Passion in performance

DANA SCHLANGER

I like how the Chutzpah! promotional blurb for ProArteDanza started: "Get ready to shed the February blahs." I don't agree with it, though. What February blahs? With the kind of programming Chutzpah! offers, I couldn't wait for February to roll in. One of the main reasons was those amazing dancers flying off the ground, off the poster, straight into our faces. Talk about chutzpah!

You look at the poster and you know, before even reading the promos, that these dancers will "burn up the stage," as the Globe and Mail put it. With an explosive and athletic style of dance, bringing together the highest level of artists from the worlds of classical ballet and contemporary dance, ProArte-Danza has emerged as a force both nationally and internationally.

Roberto Campanella, artistic director of ProArteDanza and its main choreographer, talks with great enthusiasm about the uniqueness of the company. "In our struggle to define ourselves, we fused together the idioms of ballet and contemporary dance and connected the two worlds. When we started four years ago in Toronto, those worlds were quite far apart. We believe in both grammars and speak both languages fluently. We all have the high-level ballet training and we add to it an extreme physicality of the choreography and vibrant expression. And I think the result speaks for itself: our shows are incredibly well-attended, our performances sold out as soon as we launched the company and we had to move into a bigger venue in a few short years."
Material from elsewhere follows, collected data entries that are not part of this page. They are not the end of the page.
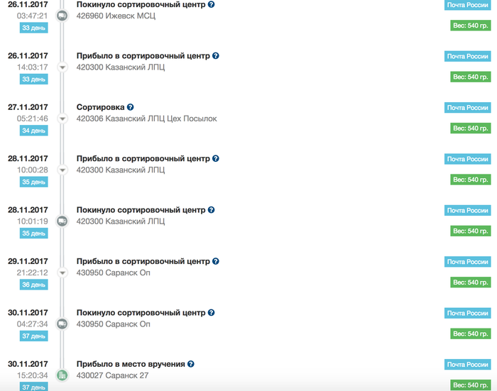 Далее, она должна была ехать в Саранск, расположенный в 650 км от Москвы. Поезд это расстояние проходит за 8 часов, но в итоге посылка ехала немного дольше. 5 недель. 35 дней.
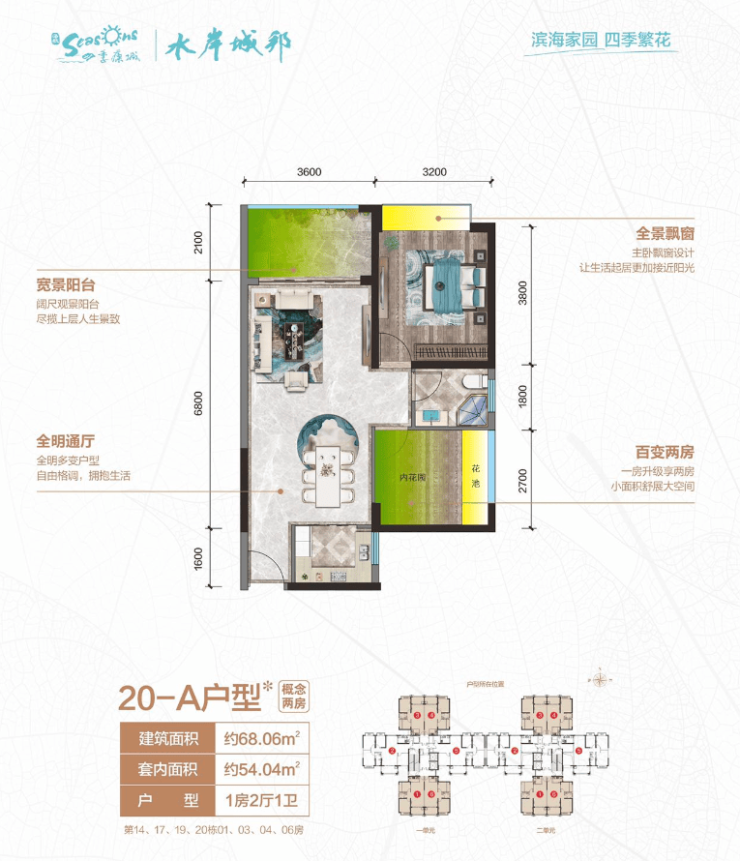 💎 20-A户型:约【68.06㎡】2房2厅1卫
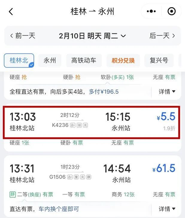 节后2月17日至3月13日,对广州开往南宁K4154次、杭州开往南宁K4235次、南京开往湛江K4251次、长沙开往南宁K4423次共计4趟次普速列车实行全程票价优惠,其中K4154次硬座低至2折。
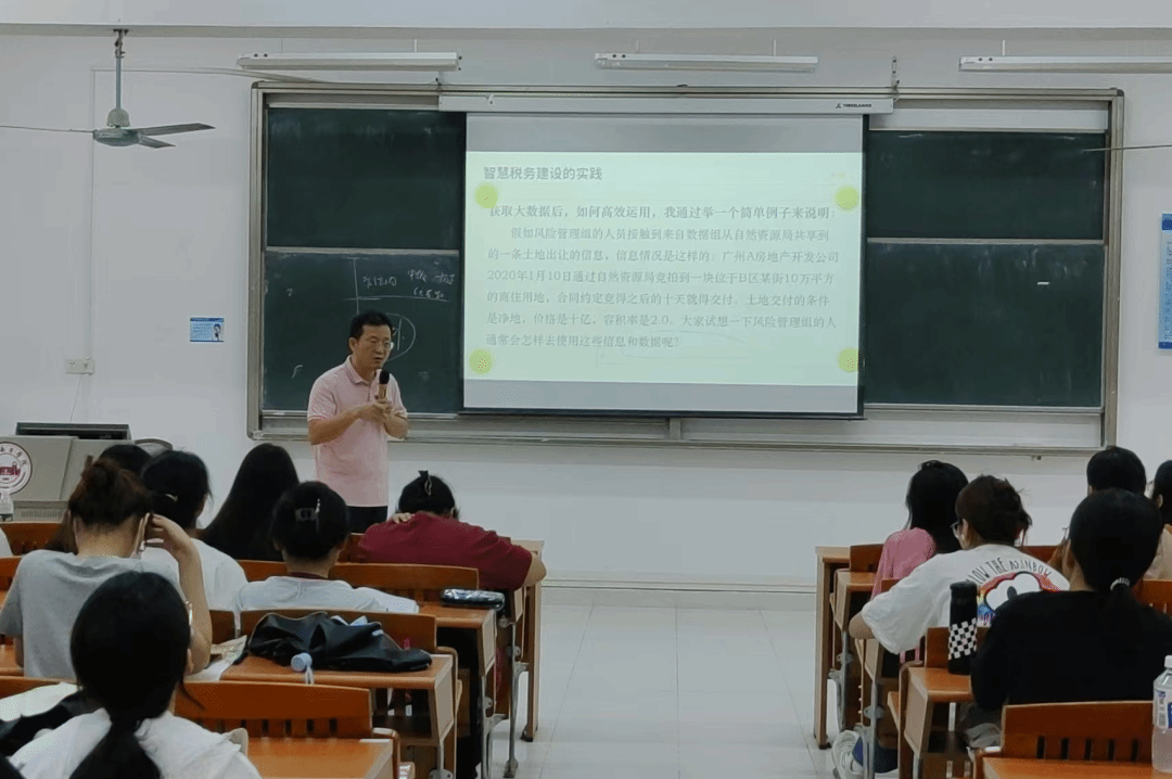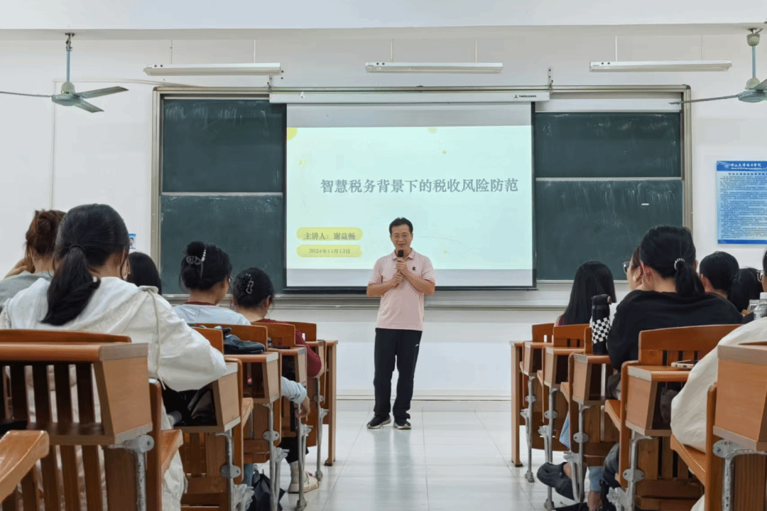 2024年11月13日下午,太阳成集团tyc7111智慧税务知识讲座在教学楼7-301举行,税务专家谢益畅老师受邀莅临我院为学生开展以“智慧税务背景下的税务风险管理”为主题的讲座。我院基础教研室主任陈宇桂、专业教师宁军容、孙璐以及2023级近200人出席讲座。

Born and raised in Rome, Campanella trained at the Scuola Italiana di Danza Contemporanea and he gratefully mentions his incredible teachers who exposed him to all types of dance, including ethnic ones. In 1985, Campanella joined the Compagnia Italiana di Danza Contemporanea and became a principal dancer.  In 1993, he joined the National Ballet of Canada, where he was soon promoted to soloist and was cast in many classical and contemporary roles. He founded ProArteDanza in 2004 with his dance partner, Robert Glumbek, who became artistic associate of the company.

Glumbek comes from an almost exclusive ballet background. He graduated  from Bytom State Ballet School in Poland, joined the Great Theatre of Opera and Ballet in Warsaw as a soloist and worked with choreographers such as John Neumeier, Maurice Bejart, Hans Van Manen, John Butler and Constantine Siergiejew. In 1987, Glumbek came to Canada and worked for a variety of corps, including Theatre Ballet of Canada in Ottawa.
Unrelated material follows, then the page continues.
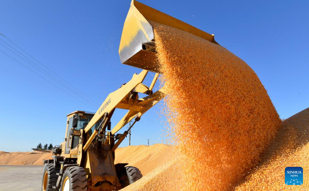 A staff member operates a shovel loader to arrange dried corn kernels at a factory of a farming company under Beidahuang Group in northeast China's Heilongjiang Province, Oct. 23, 2025. Heilongjiang Province, a major grain producer in northeast China, saw its 22nd bumper harvest with a record-breaking grain output reaching 82 million tonnes this year, data from the National Bureau of Statistics (NBS) showed on Friday. After surpassing 80 million tonnes in total grain production in 2024, Heilongjiang has once again topped the record this year, marking its 16th straight year as the top grain-producing region in China, according to the provincial agriculture and rural affairs department. (Photo by Lu Wenxiang/Xinhua)
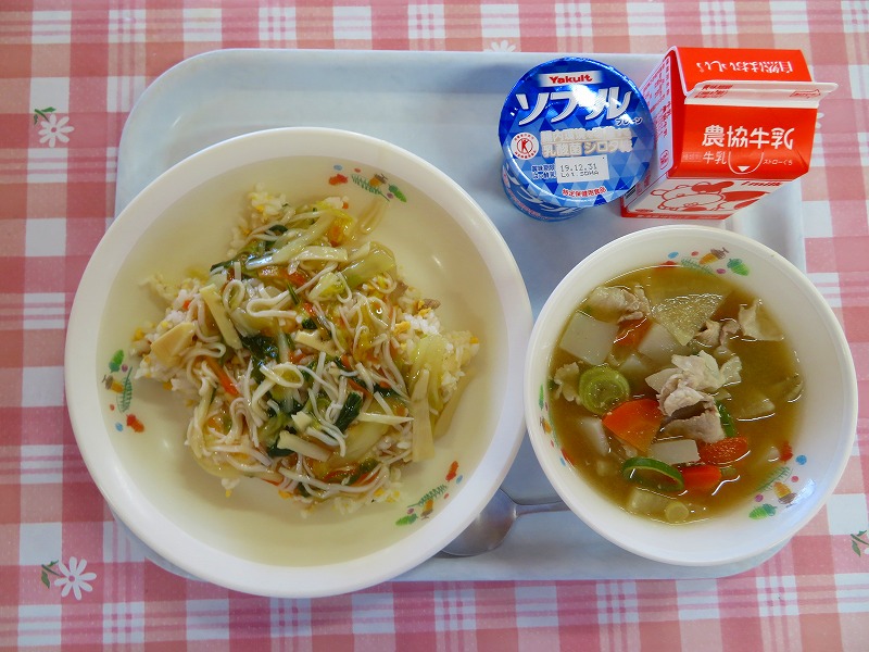 切り干し大根のぴりからいためも給食の定番メニューですが、ぴりから

When the two dancers started working together, their commonality of vision led to the creation and success of ProArteDanza. And, while Campanella doesn't dance  on stage any longer ("I faded away quietly," he quipped), Glumbek, at 45, is in top form and artistic maturity.
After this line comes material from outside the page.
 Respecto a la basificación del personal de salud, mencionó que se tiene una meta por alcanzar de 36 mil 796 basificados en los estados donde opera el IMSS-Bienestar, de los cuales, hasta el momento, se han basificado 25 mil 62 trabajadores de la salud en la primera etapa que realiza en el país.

Their tagline is "Passion in Performance" and Campanella said this is truly the essence of their vision and their company. They will simply not go on stage if there's no passion. "Passion is love," he explained, "but also suffering, in the biblical sense. This is especially relevant for dancers, because of the demanding, intense physical aspect of our work. But we wouldn't give it up for the world and will continue bringing it on to the stage, no holds barred, at the highest possible level"

Dana Schlanger is a Vancouver freelance writer and the director of the Dena Wosk School of Performing Arts at the Jewish Community Centre of Greater Vancouver.